The first part of this requires checking that $\mu_X(t) = \mu_X \;\forall \, t\in\mathbb{R}$. The book walks the reader through it, and I found this part to be simple:

\begin{align} \mu_X(t) &= E[\cos(t+U)]\\ &=\int_0^{2\pi}\frac{1}{2\pi-0} \cos(t+u) \, du\\ &=\frac{1}{2\pi} \sin(t+u)\bigg\rvert_{u=0}^{2\pi}\\ &=0 \end{align}

because $\sin(t+2\pi) = \sin t$. So $\mu_X(t) = 0 = \mu_X$. Part 1 done.

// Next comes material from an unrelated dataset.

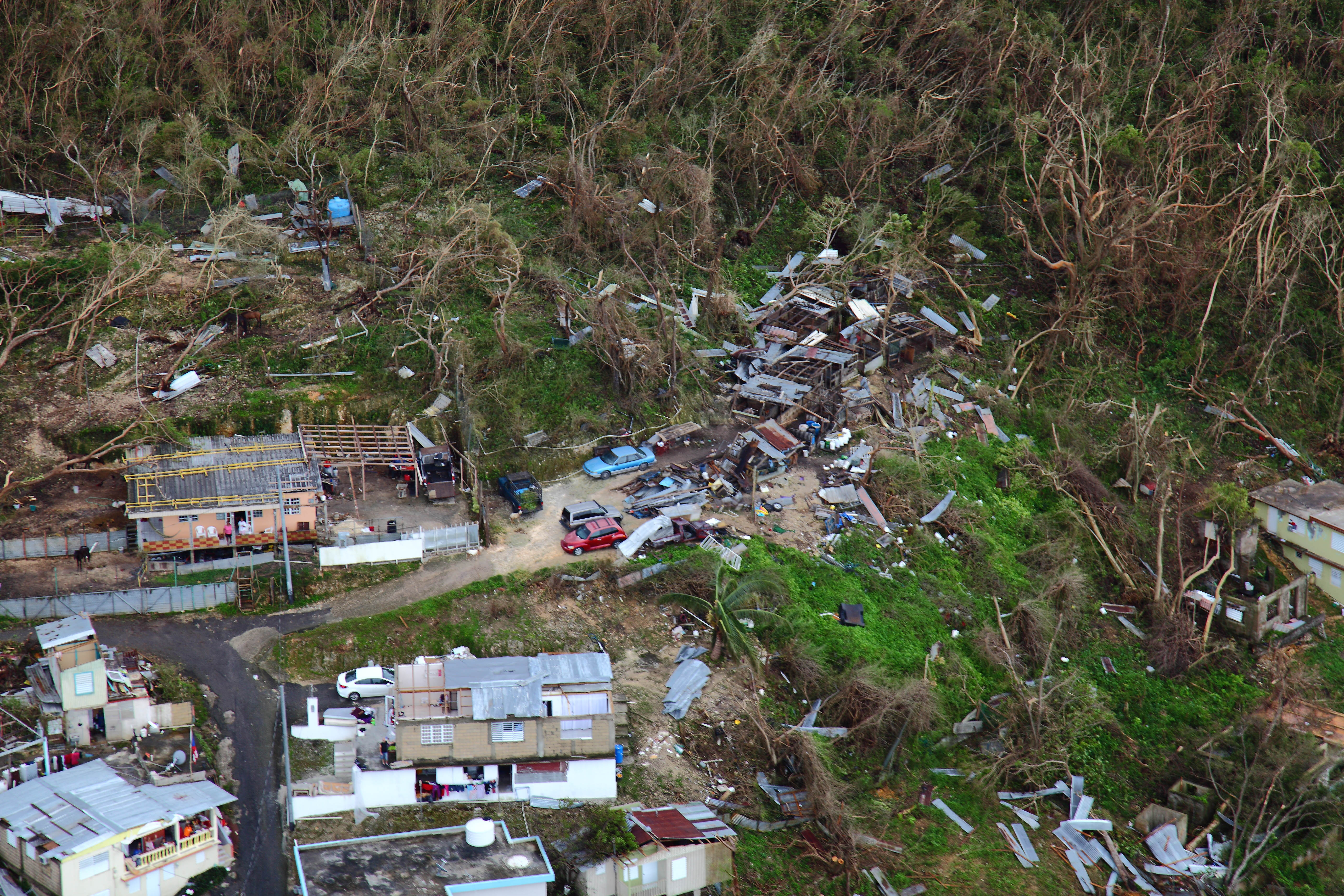 Homes lay in ruin as seen from a U.S. Customs and Border Protection, Air and Marine Operations, Black Hawk during a flyover of Puerto Rico after Hurricane Maria September 23, 2017. U.S. Customs and Border Protection photo by Kris Grogan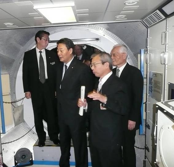 Banri Kaieda, Minister of State for Science and Technology Policy, inspected Tsukuba Space Center, Japan Aerospace Exploration Agency in Tsukuba City, Ibaraki Prefecture on October 10, 2010.

The second part I know how to start, but there is a step I don't get denoted by $\overset{??}{=}$ below:

\begin{align} R_X(t_1, t_2) &= E[X(t_1)X(t_2)] \\ &= E[\cos(t_1+U)\cos(t_2+U)] \\ &= E[\tfrac{1}{2}(\cos(t_1 + t_2 + 2U) + \cos(t_1 - t_2))] \\ &= E[\tfrac{1}{2}\cos(t_1 + t_2 + 2U)] + E[\tfrac{1}{2}\cos(t_1 - t_2)] \\ &\overset{??}{=} \int_0^{2\pi}\frac{1}{2\pi-0} \cos(t_1 + t_2 + u) \, du + \tfrac{1}{2}\cos(t_1 - t_2)\\ &= 0 + \tfrac{1}{2}\cos(t_1 - t_2) \end{align}

Specifically, I have no clue how

$$E[\tfrac{1}{2}\cos(t_1 + t_2 + 2U)] = \int_0^{2\pi}\frac{1}{2\pi-0} \cos(t_1 + t_2 + u) \,du$$

What seems like a conversion of $2U$ into just $u$ makes absolutely no sense to me. A $u$-sub cannot explain this; it would be an integration from $0$ to $\pi$. What is the hidden step that I am clearly missing?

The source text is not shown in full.